Science and Arts Cafe

The Arkansas School for Mathematics, Sciences and the Arts’ 2018-19 Science and Arts Café Lecture series will feature lectures on a variety of topics, including the science of nutrition, the physics and mathematics of music and Valentine’s Day in Japan.

The Science and Arts Café series features a short lecture on an interesting topic in an informal setting. The lecture is followed by an open, casual discussion between the lecturer and audience members. Each program is free and open to the public. Each lecture will begin at 7 p.m. with the lecture and discussion period lasting about an hour. This year’s lecture series will be held at Kollective Coffee + Tea, 110 Central Ave. in downtown.

The lineup for this year’s series is:

• Oct. 11 — What to Eat: The Science of Nutrition by Dr. Patrycja Krakowiak, a biology instructor at ASMSA. With the popularity of fad diets, weight-loss supplements and gastric surgeries on the rise, it is hard to know what scientific evidence exists to support the often outlandish claims that come with them. At the same time, obesity and diabetes are becoming worldwide epidemics, while complications of poor nutrition such as heart disease and cancer are also on the rise. But what is “poor” nutrition? In this session, Krakowiak will examine the history of human ingestion; review basics of digestion, metabolism, and addiction; and analyze the latest nutrition research.
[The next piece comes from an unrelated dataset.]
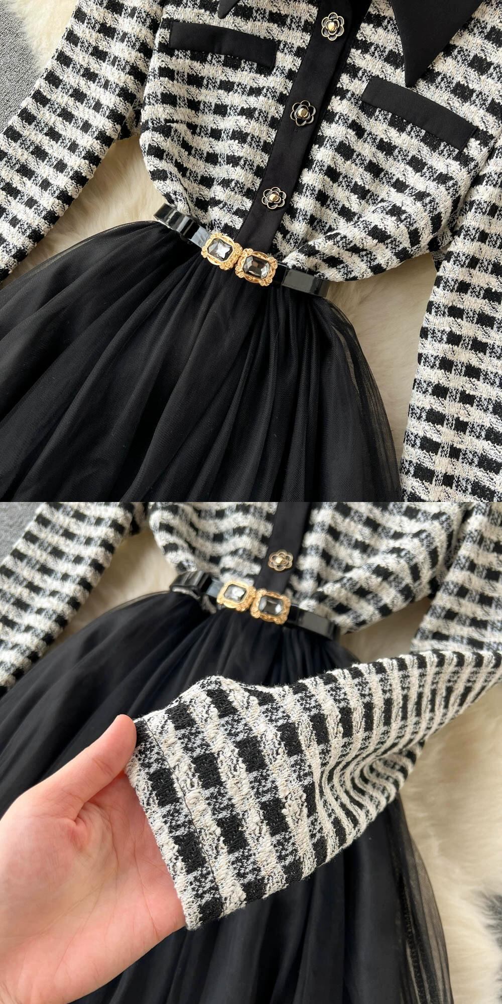 -エンド小さな香りのよいスタイルスプライシングメッシュコントラストドレス女性2023秋長袖膝丈スカート ロング オータム 秋物 lyxaj2222170988
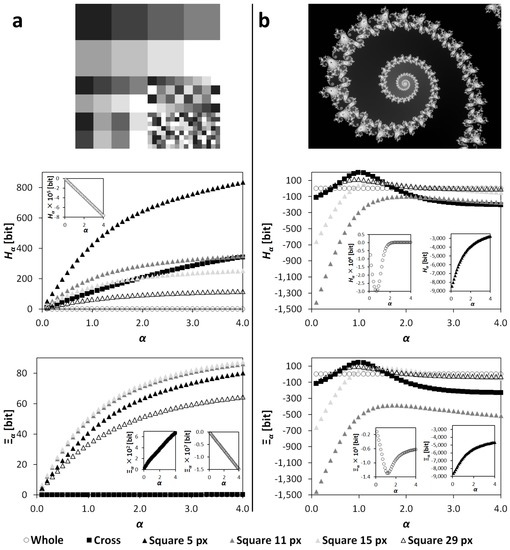 From the point of view of thermodynamics, the and can be considered as additive, homological state variables whose knowledge can be helpful in analysis of multidimensional (image) data as well [32]. Despite the relative familiarity of their formulas (Section 2.3), the can be defined as a sum of all information contributions to the data distribution, either the global or partial one, i.e., all , whereas the is a sum of all information microstates of the distribution. Even in case of the local information, each two (collision) histograms with the same proportional representation of frequencies of elements, which were obtained from distributions around two pixels at different positions and only differing in the positions of frequencies in the histogram, are considered to be unique microstates and produce unique values (see Algorithm 2). Thus, in agreement with the predictions arising from Equations (19) and (20), the -calculation does not suppress contributions of elements with low probabilities of occurrences (rare points) and is more robust and stable against changes in the local surroundings. This phenomenon manifests itself in the lower differences in dependencies (α) for four square surroundings in comparison to the dependencies (α) in Figure 6. Nevertheless, it is worth noting that, during the calculation with the usage of the local geometrical surroundings, the surroundings touch the edges of the image at most and only an interior part of the image is processed. This fact—technical limitation—negatively influences values and for square surroundings in Figure 6 and also leads to the lower sizes of -transformed images (e.g., Figure 3d–f and Figure 5d–f).

Be ready for an impromptu quiz that will test your knowledge of nutrition. Just don’t be surprised to find out that much of what you think you know about what is best to eat may not be quite true according to latest scientific research.

• Nov. 8 — Poetry: Matters of Life and Death by Brian Isbell, a humanities instructor at ASMSA. In times of great joy and moments of deep grief, why do we so often turn to this art form more than any other? In this session, Isbell will look at some famous examples of poems that often bring us solace, help us heal, and celebrate the human experience of love and loss.

• Dec. 13 — The Physics and Mathematics of Music, James Katowich, a humanities instructor at ASMSA, and Dr. Brian Monson, a physics instructor and chair of ASMSA’s Science Department. Of all art forms, music is probably the most mathematical. We will look at the anatomy, physiology, physics, and mathematics of pitch perception and how they influenced the development of musical scales and composition. We will also illustrate the history of musical scales and how they evolved to the modern equally tempered scale.

• Feb. 14 — Valentine’s Day and Gift-Giving in Japan, Betty Brown, Japanese instructor at ASMSA. Japan has a very interesting culture surrounding gift-giving. We will take a look at the adoption and history of Valentine’s Day in Japan and how gift-giving culture has transformed it into a uniquely Japanese holiday.

• March 14 — How We Know What We Know — The Higgs Boson and the Standard Model, Dr. Jack Waddell, a physics instructor at ASMSA. In recent years, a huge collaboration of scientists confirmed the existence of one of the most elusive objects in nature — the Higgs Boson. We'll talk about what this object is, what it represents and what role it plays in helping to support one of the most successful theories, the Standard Model of Particle Physics.

• April 11 — The Esperanto Movement Today: That Idea Flopped, Right? Do, tute ne! Not At All!, Bryan Adams, a French instructor at ASMSA. Esperanto is a planned, created, “easy-to-learn” language developed in the late 19th century by L. L. Zamenhof. His dream was to foster and facilitate international communication by reducing the amount of time it normally takes to learn a new language. Adams will briefly discuss the origin of Zamenhof’s ideas and how they have made Esperanto snowball into an international movement with eager Esperantists who foster the learning of the language, and the proliferation of culture, news, music, art, and dance. We might even learn a few survival phrases.